With an amusingly detached delivery that rivals Ben Stein's droning roll call in Ferris Bueller's Day Off , he sings "I just want to dance, and fuck, and fly, and try, and fail, and try again…hold up," against a squelchy bass line and stabbing synths. When the percussive noise of what sounds like a triangle dinner bell appears within the mix, one can't help but think that Gourmet is simply winking at his audience, as if to say, "dinner is served."

7. Pouvoir Magique - “Chalawan”

Like a psychoactive ayahuasca brew, the intoxicating "shamanic techno" of Parisian duo Pouvoir Magique's LP Disparition, is an exhilarating trip into unfamiliar territory. Formed in November of 2011, "Magic Power" is the musical project of Clément Vincent and Bertrand Cerruti, who over the years, have cleverly merged several millennia of songs from around the world with 21st-century beats and widescreen electro textures. Lest ye be worried, this is anything but Deep Forest.

In the spring of 2013, Pouvoir Magique co-founded the "Mawimbi" collective, a project designed to unite African musical heritage with contemporary soundscapes, and released two EPs.
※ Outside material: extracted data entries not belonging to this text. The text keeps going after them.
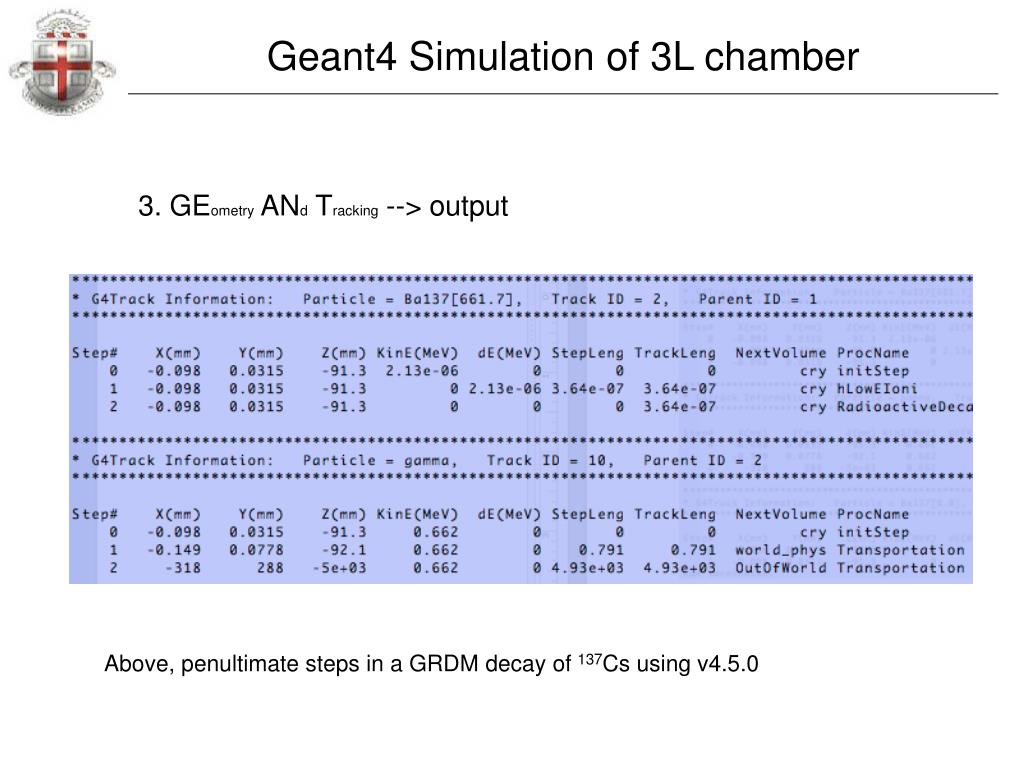 Geant4 Simulation of 3L chamber 3. GEometry ANd Tracking --> output Above, penultimate steps in a GRDM decay of 137Cs using v4.5.0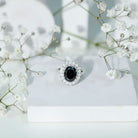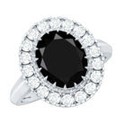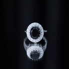 Oval Lab Grown Black Diamond and Moissanite Halo Engagement Ring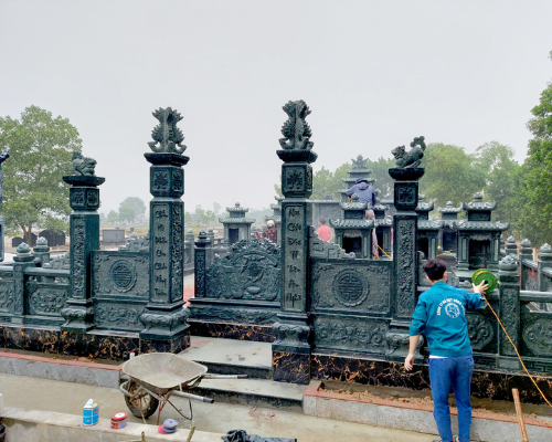 Cận cảnh khu lăng mộ đá xanh rêu được Đá mỹ nghệ Hoàng Đông thi công cho một khách hàng tại Thanh Hoá:
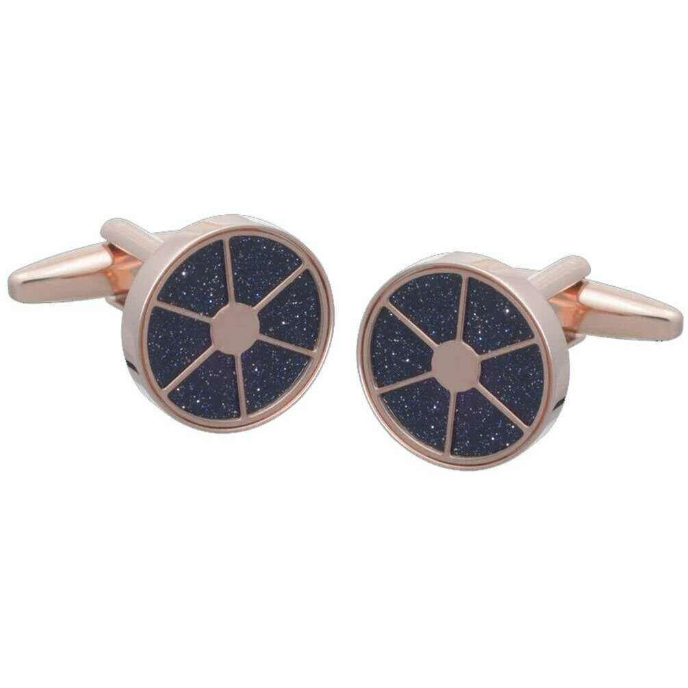 Boutons de manchette segment David Van Hagen Goldstone - Bleu/Or rose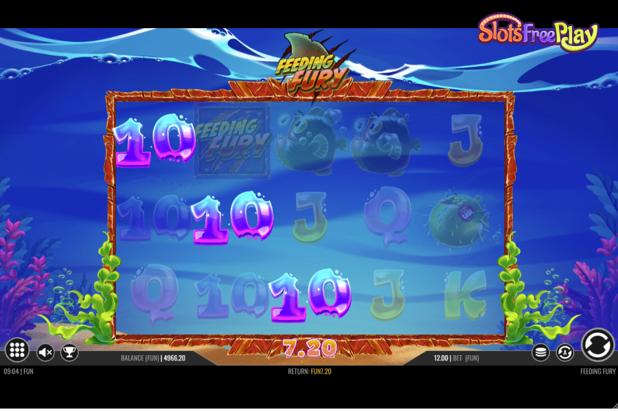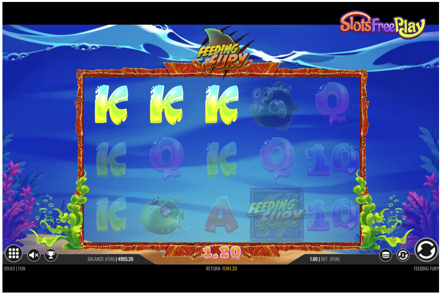 Dive into the immersive world of Feeding Fury, where the sound and gameplay seamlessly blend to create an aquatic adventure that resonates with the theme of fishing and the water world. As the reels spin, the melodic sounds of gentle waves, bubbling currents, and distant seagulls transport players to the tranquil yet exciting realm beneath the surface. The gameplay is skillfully designed to mirror the fluidity of water, with smooth reel animations and vibrant graphics depicting a captivating underwater landscape. The thematic symbols, from the Wild Shark to the playful Squid, Dolphin, Piranha, Puffer Fish, and Goldfish, come to life with crisp visuals, enhancing the overall visual and auditory experience.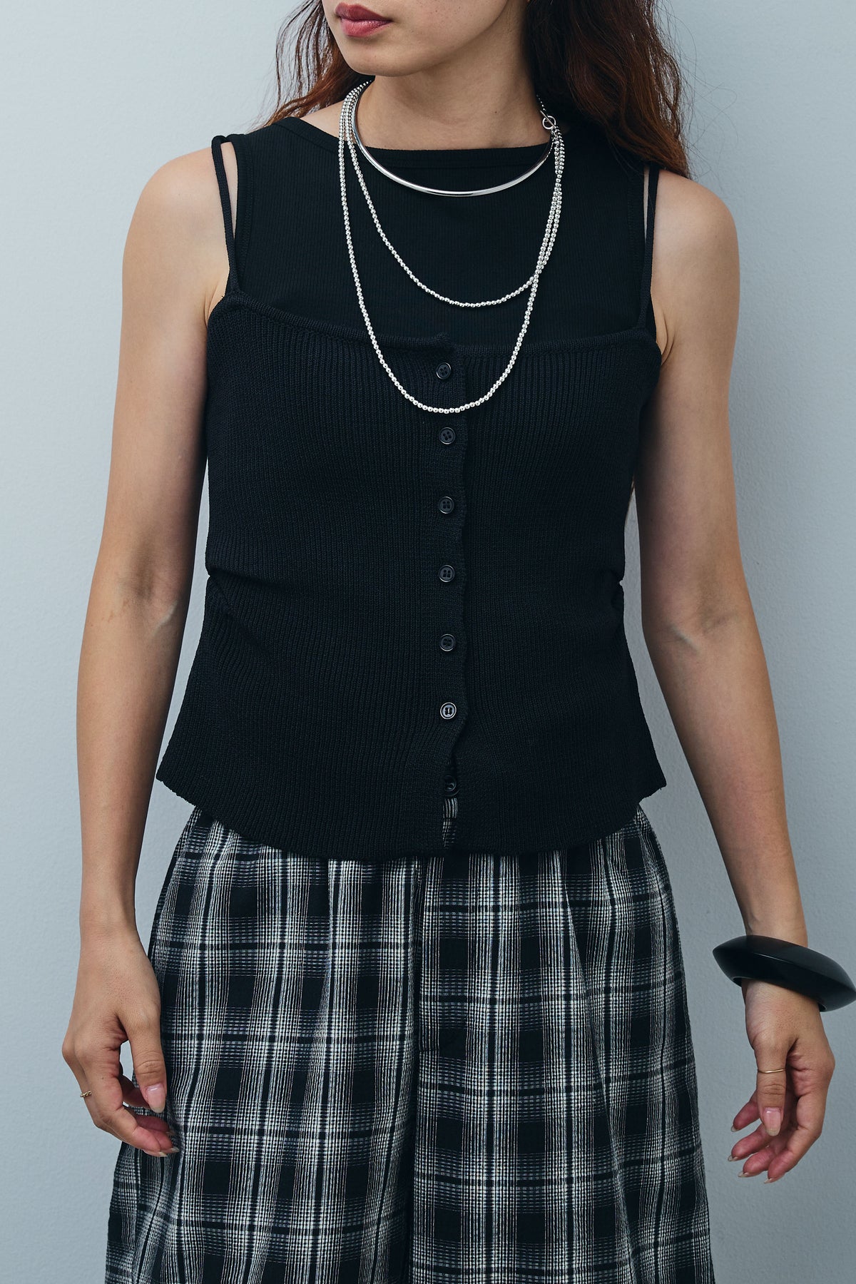 華奢なストラップとフロントボタンがアクセントになったリネンライクリブニットキャミ。すっきりとしたネックラインと、程よくフィットするシルエットが女性らしさを引き立てます。リネンライクなさらっとした質感で、暑い季節も快適な着心地。1枚ではもちろん、シャツやジャケットのインナーとしても活躍する、着回し力の高い一着です。カジュアルにもキレイめにも使える万能アイテム。

Within days of launching their label Musiques de Sphères, the duo's studio was burglarized and a hard drive with six years of painstakingly curated material had vanished. After tracking down demos they shared with friends before their final stages of completion, Clément and Bertrand reconstructed an album of 12 tracks.

Unfinished though they might be, each song is a marvelous thing to behold. Their stunning 2016 single "Eclipse," with its cinematic video, might have been one of the most immediate songs on the record, but it's the pulsing "Chalawan," with its guttural howls, fluttering flute-like passages, and driving, hypnotic beats that truly mesmerizes.

6. Purple Disco Machine - “Body Funk” & “Devil In Me” (TIE)

Whenever a bevy of guest artists appears on a debut record, it's often best to approach the project with caution. 85% of the time, the collaborative partners either overshadow the proceedings or detract from the vision of the musician whose name is emblazoned across the top of the LP. There are, however, pleasant exceptions to the rule and Tino Piontek's Soulmatic is one of the year's most delightfully cohesive offerings. The Dresden-born Deep Funk innovator, aka Purple Disco Machine, has risen to international status since 2009, releasing one spectacular track and remix after another. It should go without saying that this long-awaited collection, featuring everyone from Kool Keith to Faithless and Boris D'lugosch, is ripe with memorable highlights.

The saucy, soaring "Mistress" shines a spotlight on the stellar pipes of "UK soul hurricane" Hannah Williams. While it might be a crowning moment within the set, its the strutting discofied "Body Funk", and the album's first single, "Devil In Me", that linger long after the record has stopped spinning. The former track with its camptastic fusion of '80s Sylvester gone 1940s military march, and the latter anthem, a soulful stunner that samples the 1968 Stax hit "Private Number", and features the vocal talents of Duane Harden and Joe Killington, feels like an unearthed classic. Without a doubt, the German DJ's debut is one of the best dance records of the year.